Home Ekonomi Anies: Timpang! Investasi Tinggi, Serapan Tenaga Kerja Rendah

Anies: Timpang! Investasi Tinggi, Serapan Tenaga Kerja Rendah

Jakarta, Gatra.com - Bakal Calon Presiden (Bacapres), Anies Baswedan mengungkapkan bahwa pertumbuhan ekonomi yang mengalami peningkatan saat ini belum berhasil menyelesaikan permasalahan penyerapan tenaga kerja yang mengalami penurunan.

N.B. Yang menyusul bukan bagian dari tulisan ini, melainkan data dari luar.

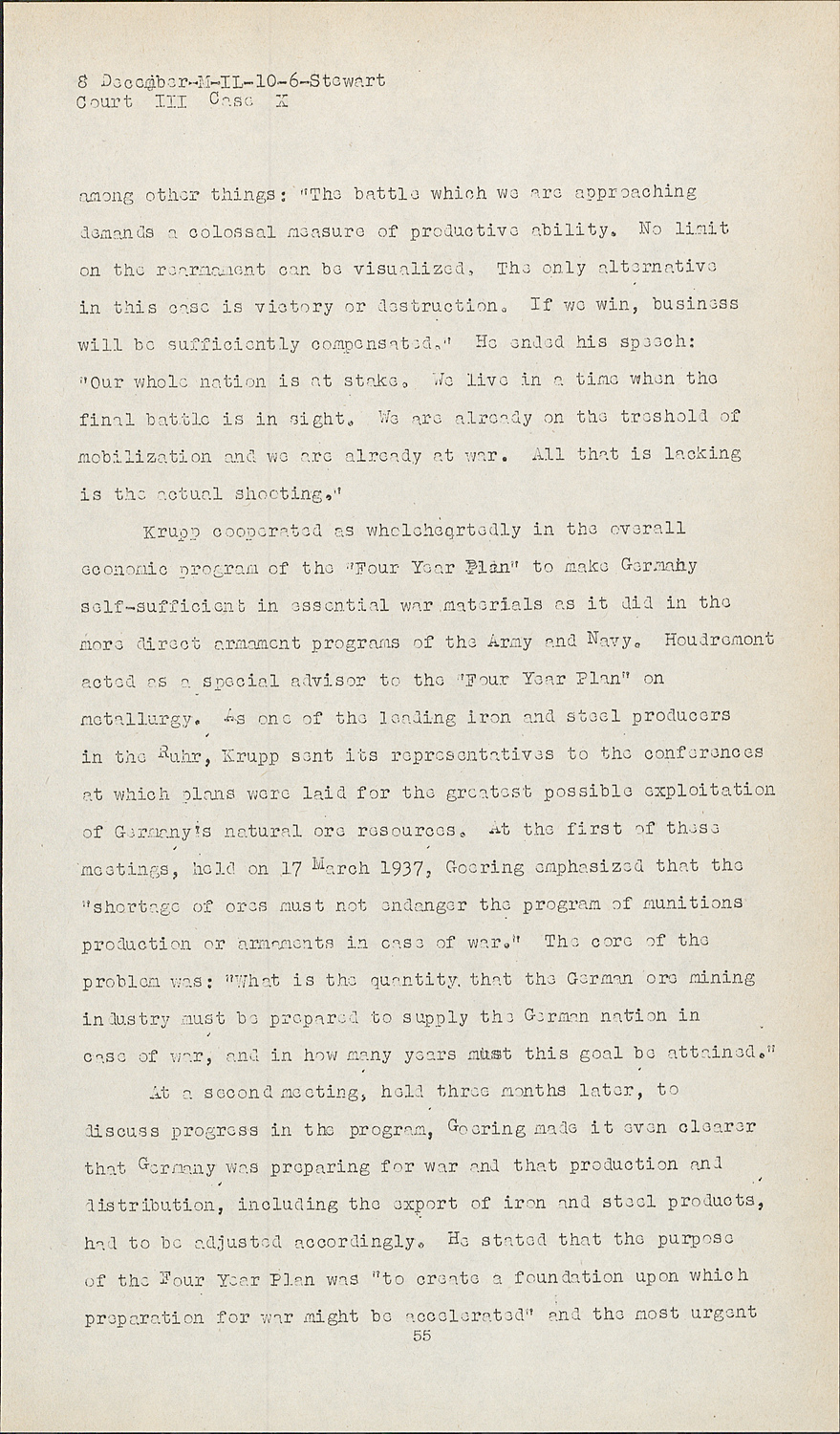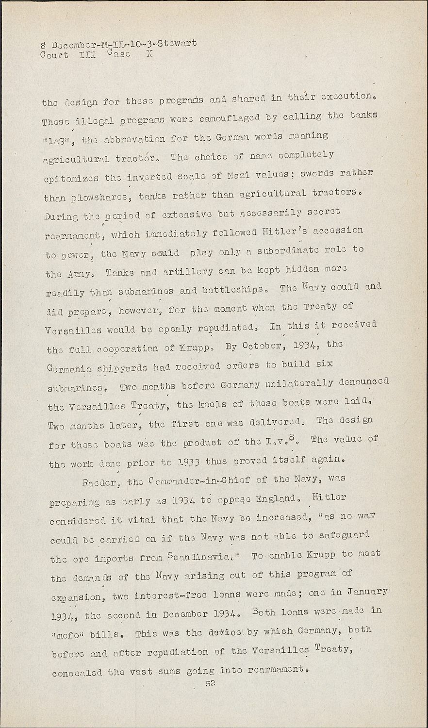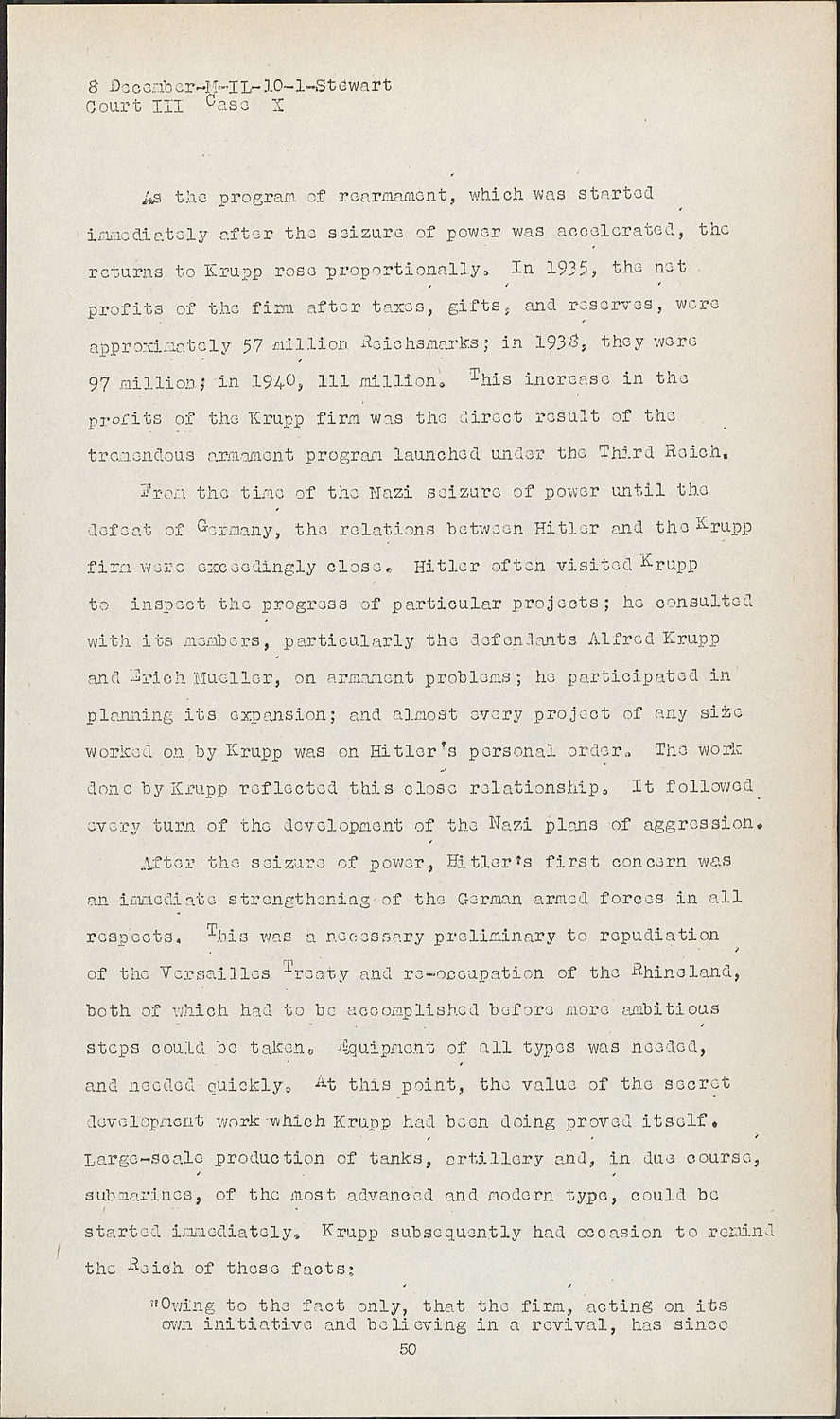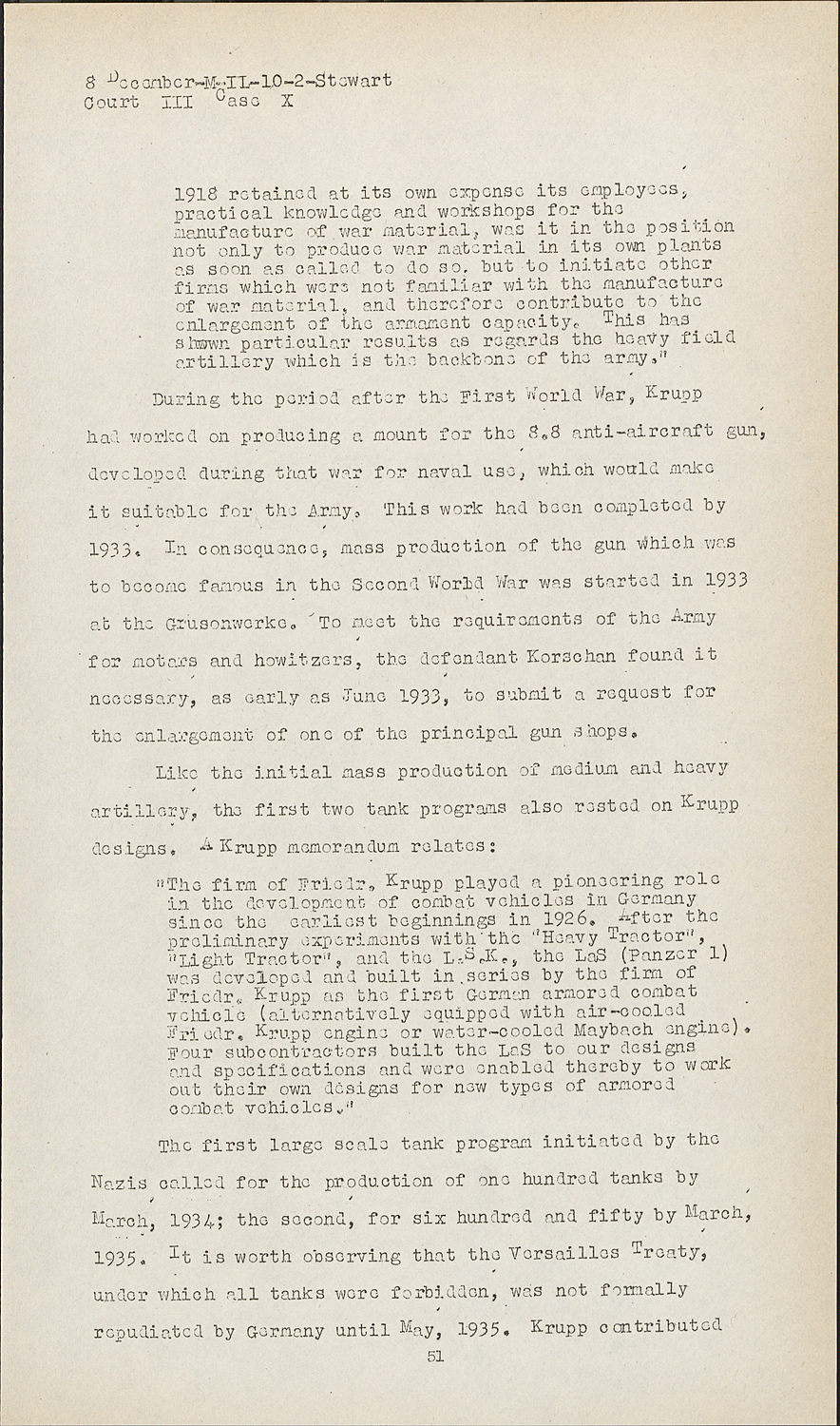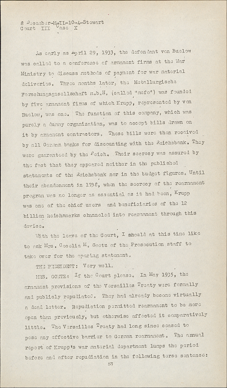 MRS. GOETZ:If the Court please. In May 1935, the armament provisions of the Versailles Treaty were formally and publicly repudiated. They had already become virtually a dead letter. Repudiation permitted rearmament to be more open than previously, but otherwise affected it comparatively little. The Versailles Treaty had long since ceased to pose any effective barrier to German rearmament. The annual report of Krupp's war material department lumps the period before and after repudiation in the following terse sentence: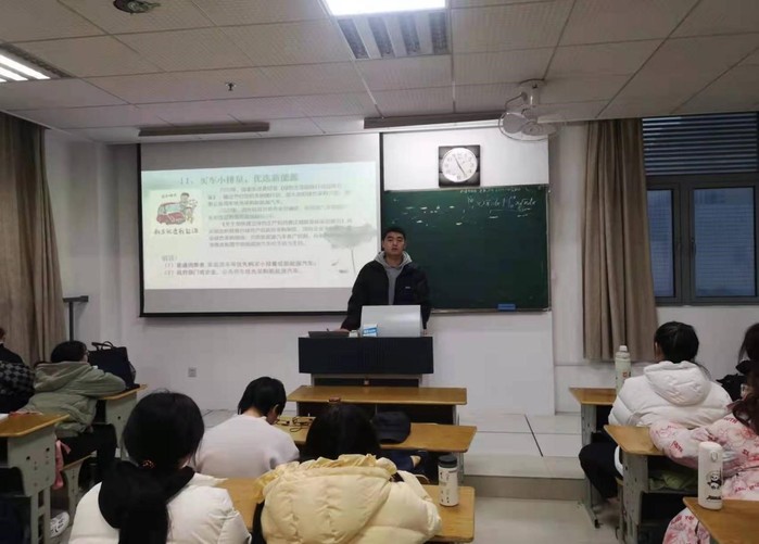 12月16日下午应天校区教学楼402,在马克思主义学院教师林娟的带领之下,思政实践课环保宣讲核心组成员走进思政小课堂,为21级建筑室内设计班带来一场环保教育宣传课。思政实践课环保宣讲核心组由不同年级不同专业的六名学生构成,他们和指导教师一起,共同策划并参与21春学期的思政实践活动——“《江苏生态文明20条》我宣讲我代言”,此次课堂宣讲活动是春学期环保教育活动的延伸。

Anies juga menjelaskan bahwa ekonomi Indonesia dalam beberapa tahun ini mengalami peningkatan sekitar 6%. Namun, pertumbuhan tersebut tidak disertai dengan ketersediaan lapangan pekerjaan yang setara.

“Pertumbuhan ekonomi kita belum berhasil menyelesaikan pengangguran, ketimpangan yang ada menjadi PR yang sesungguhnya,” kata Anies dalam acara Sarasehan 100 Ekonom 2023 di Jakarta, Rabu (8/11).

Ia mencontohkan Maluku Utara memiliki PDB 22,94%, namun penurunan tingkat pengangguran terbuka (TPT) kurang dari 1% yaitu hanya sebesar 0,08%.

"Masyarakat di banyak tempat menjadi penonton, tidak menikmati besarnya pertumbuhan ekonomi yang ada di kawasan itu. Investasinya meningkat, tapi penyerapan tenaga kerjanya justru menurun," imbuhnya.

Mantan Gubernur DKI Jakarta itu juga mengatakan, menurunnya lapangan pekerjaan saat ini tidak sejalan dengan meningkatnya nilai investasi di Indonesia dalam beberapa tahun terakhir. Misalnya di sektor pertanian dan manufaktur dapat menyerap 44% tenaga kerja, namun terus menurun.

"Sementara pertambangan yang hanya menyerap 1% (tenaga kerja) justru investasinya meningkat di situ. Ini harus berubah, justru kita harus mendorong sektor-sektor yang menyerap tenaga kerja untuk mengalami peningkatan," jelasnya.

Untuk diketahui, Badan Pusat Statistik (BPS) melaporkan, jumlah pengangguran yang ada di Indonesia per Agustus 2023 mencapai 7,86 juta orang dari total 147,71 juta angkatan kerja.

Adapun, jumlah pengangguran tersebut terhitung lebih rendah sebesar 0,54% dibanding Agustus 2022, yang mencapai 8,42 juta orang. Namun, jumah ini lebih tinggi dibanding dengan sebelum pandemi atau pada Agustus 2019 yaitu 7,1 juta orang.